The conditions are specific.
- The analytics must produce aggregated information, not individual user profiles
- It must be carried out by the controller of the online service (the website owner)
- It must be used solely for that controller's own use
- The analytics provider must not reuse the data for its own commercial purposes
- Data must not be combined with other datasets from other services
Vendor doesn't reuse or pool data
Aggregate statistics only
No cross-site tracking
No advertising integration
Terms permit use for Google's own products
Linked to Google Ads ecosystem
Correlates users across properties
Controller-controller data sharing
This is not law yet. The proposal is still in early legislative procedure at the European Parliament. Legal analysts expect the analytics exemption could take effect by mid-2027 at the earliest.
But the direction is clear. The EU is heading toward a world where privacy-first, first-party analytics runs without consent requirements, while tools that share data with third parties for advertising still need the full consent machinery. IntelligentCIO Europe quoted Mateusz Krempa: "this will give privacy-friendly European analytics providers an edge compared to US-based platforms."
The tools that win here aren't the ones scrambling to redesign. They're the ones that were built this way from the start.
What you should actually do
I'm not going to pretend there's one answer that fits everyone. It depends on where you operate, what industry you're in, and what you really need from analytics.
If you're in healthcare, finance, or education: remove Google Analytics now. The Blue Shield and Kaiser cases show that GA4's design clashes with HIPAA, and the data flow to Google's ad infrastructure is a built-in risk that no setting fully removes. Use a first-party analytics tool that processes data on EU infrastructure and shares nothing with third parties.
If you're in the EU and want to keep GA4: you need explicit, informed consent before any tracking fires. Not "by browsing you agree." A real consent banner that blocks every GA4 script until the user clicks Accept. You need a Data Processing Agreement with Google. And you need to accept that 50-70% of your visitors will decline consent, which leaves your analytics showing a minority of your real traffic.
If you're in the US: audit your tracking stack for CIPA exposure. Every third-party script that captures visitor behavior and ships it to a vendor that uses it for its own purposes is a potential $5,000-per-violation liability. Our CIPA deep-dive covers the specific tools at risk and what to do about each one.
If you want to stop worrying about all of this: switch to analytics that never create the legal exposure in the first place. Our comparison of the leading Google Analytics alternatives walks through what each privacy-first tool does and which one fits which kind of site.

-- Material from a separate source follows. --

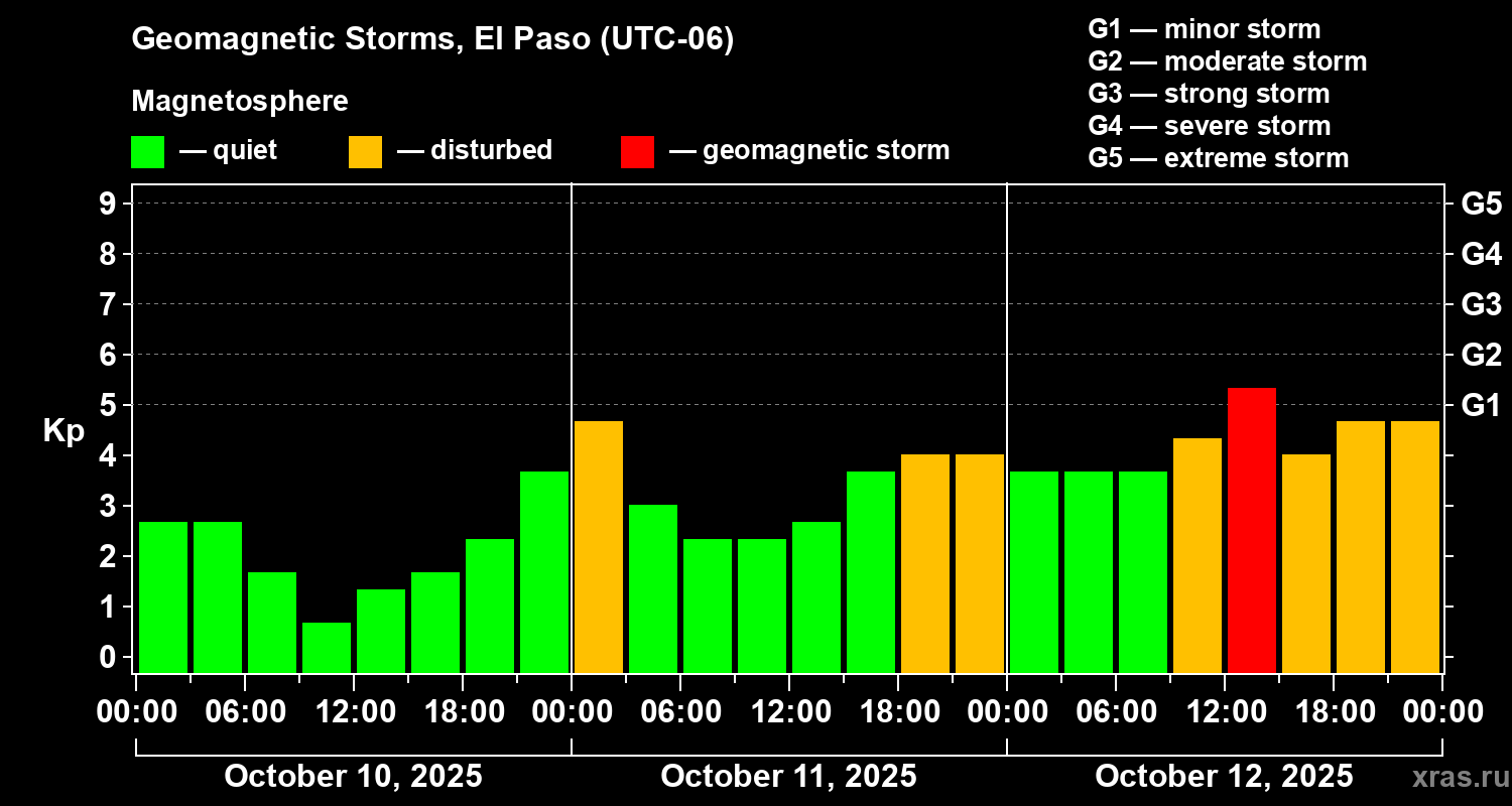 Geomagnetic storms in El Paso — Oct 12, 2025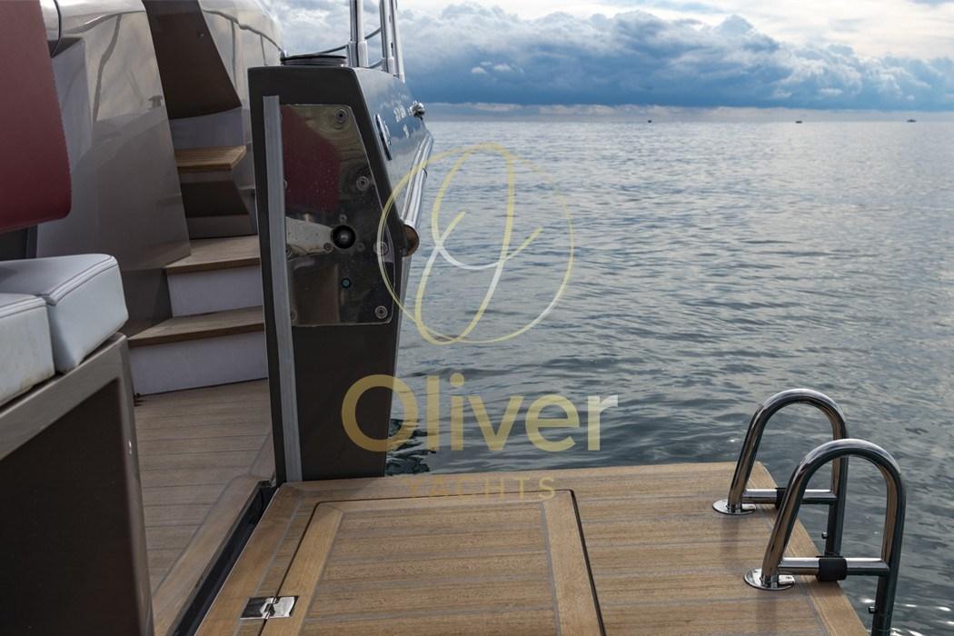 Fume/Gas Detector, Engine Alarm, Bilge Alarm, Alternator, Deck Suction of Dirty Water, Auto Dynamic Trim Interceptor, Water pressure pump, Auto-Trim, Teak Side Decks, Special Colour, Guard rail, Deck Shower, Anchor mount, Electric Flaps, Fire Extinguishing System, Anchor Chain Washdown, Washbasin in the cockpit, Courtesy Lights, Underwater lights, Battery Monitor, Fenders, Gangway, Platform, Automatic Bilge Pump, Manual Bilge Pump, Teak deck, Entry door, Teak Cockpit, Shorepower connector, Water harbor connector system, Electric Windlass, swimming ladder, cockpit table, Horn.

The honest answer to "is Google Analytics legal in 2026?" is that it depends on who you ask, where you are, and how much risk you're willing to carry. Seven EU countries have called it illegal. The legal bridge keeping it alive is under attack. US wiretapping lawsuits are surging. The tool has turned into an AI advertising platform. Browsers are blocking it. And a proposed EU law would hand privacy-first analytics a clear legal edge.
You can wait for the courts and regulators to sort it out. Or you can decide now.